Crypto wallet Legder was hit by a third-party data breach stemming from an external payment processor, Global-e, exposing the personal information of some customers.
Ledger is a reputable hardware crypto wallet security platform, where users’ private keys are stored offline. In turn, Global-e provides merchant services, including checkout, order processing, localization, tax, duty, and compliance, to various retail and corporate customers.
Other Global-e customers include Bang & Olufsen, Adidas, Disney, Givenchy, Hugo Boss, Ralph Lauren, Michael Kors, Netflix, and M&S, suggesting that they might be affected.
Crypto wallet platform Ledger confirms third-party data breach
Global-e said it responded by launching an investigation and implementing additional security controls after detecting unusual activity on its platform. It also retained the services of independent external cybersecurity experts, who confirmed the third-party data breach.
However, the third-party data breach did not affect Ledger.com’s IT infrastructure, hardware, or software products. It also only affected customers who had transacted using Global-e as a Merchant of Record.
Nevertheless, the third-party data breach leaked customers’ names and contact information, which is invaluable for hackers interested in phishing.
Additionally, neither Ledger nor Global-e accessed customers’ digital wallet secrets, suggesting that the clients’ crypto assets were not at an immediate risk. Similarly, Ledger is a self-custodial crypto wallet, meaning that the users’ security and account information are not shared with the platform or other vendors during transactions.
“For the avoidance of doubt, as the Ledger product is self-custodial, Global-e does not have access to your 24 words, blockchain balance, or any secrets related to digital assets,” Ledger’s spokesperson stated.
Nevertheless, attackers could target crypto wallet owners via phishing to lure them into disclosing their secrets. Subsequently, impacted customers should be on the lookout for unsolicited crypto-themed phishing messages requesting crypto wallet security details.

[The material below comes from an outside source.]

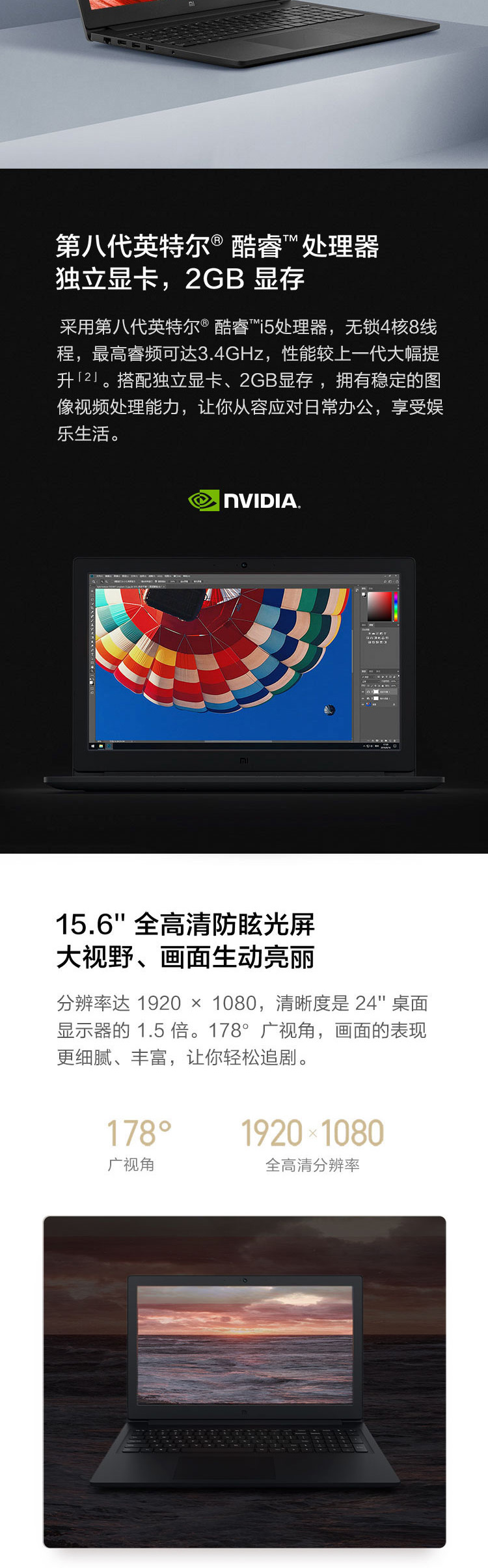 商品名稱:小米 (MI)Ruby 2019款 15.6英寸金屬輕薄筆記本電腦(第八代英特爾酷睿i5-8250U 8G 256G SSD 2G GDDR5獨顯 FHD 全鍵盤 Office Win10) 深空灰

So far, it remains unclear how many crypto wallet owners were affected or when the third-party data breach occurred. The lack of transparency undermines user trust, on which Ledger is built.
Crypto wallet Ledger has a history of data breaches
The crypto wallet operator has experienced data breaches in the past. In 2020, Ledger was hit by a third-party data breach via its e-commerce partner Shopify, exposing the personal information of over 270,000 customers.
That information was posted on the infamous defunct hacking forum RaidForums. The third-party data breach triggered class action lawsuits, stemming from alleged attempted phishing and harassment allegations. In 2023, the crypto wallet platform also lost $500,000 after threat actors breached its systems.